Wrestling games developed a bad reputation during the THQ years and had a hard time recovering. It’s still a work in progress. But one release that hearkened back to weird, goofy old arcade games and almost became a more mainstream success. That game was WWE All-Stars , which opted to make the wrestlers like like giant balloon animals with facial hair and neon pants. It was wacky, flashy, and mostly fun, save for some issues that caused the casual appeal to flame out too quickly. But MadCatz made a tournament-level fight stick for it for some reason, and that’s fascinating.
The Japanese RPG space is often ruled by the likes of Square Enix, Capcom, and Atlus. But another game landed on the PS2 to throw in with some weird, gothic horror stuff, but it could never settle on a publisher brave enough to commit. I’m talking about Shadow Hearts , a game that makes me sad whenever I think about trying to buy a secondhand copy. Nerdy PS2 games are expensive, y’all. Shadow Hearts does a lot of weird stuff, with a unique global setting and a battle system based on a spinning ring.
Super Dragon Ball Z
There are a ton of Dragon Ball Z fighting games out there, but at the time of the PlayStation 2, none of them really played like “real” fighters. Most of them were button-mashy anime games meant for fans.

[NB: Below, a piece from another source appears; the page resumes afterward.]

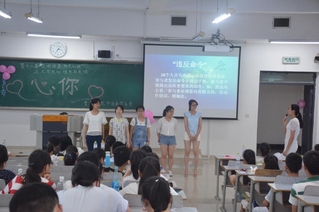 5月6日下午15:00,管理学院第十二届“文明修身,阳光心理”暨“心你”大学生心理电影展播活动在07322隆重举行。管理学院分团委书记何祖润、管理学院分团委学生会主席团出席了本次活动。

Super Dragon Ball Z , however, was vaguely connected to Street Fighter via a producer who wanted everyone to know he was involved with Street Fighter . So, despite having 3D visuals and stuff, the controls in this game were more like a traditional 2D fighter. Also, Android 16 had “rekka” 360 command throws, which is the most ludicrous idea in the history of the genre. It’s pretty good.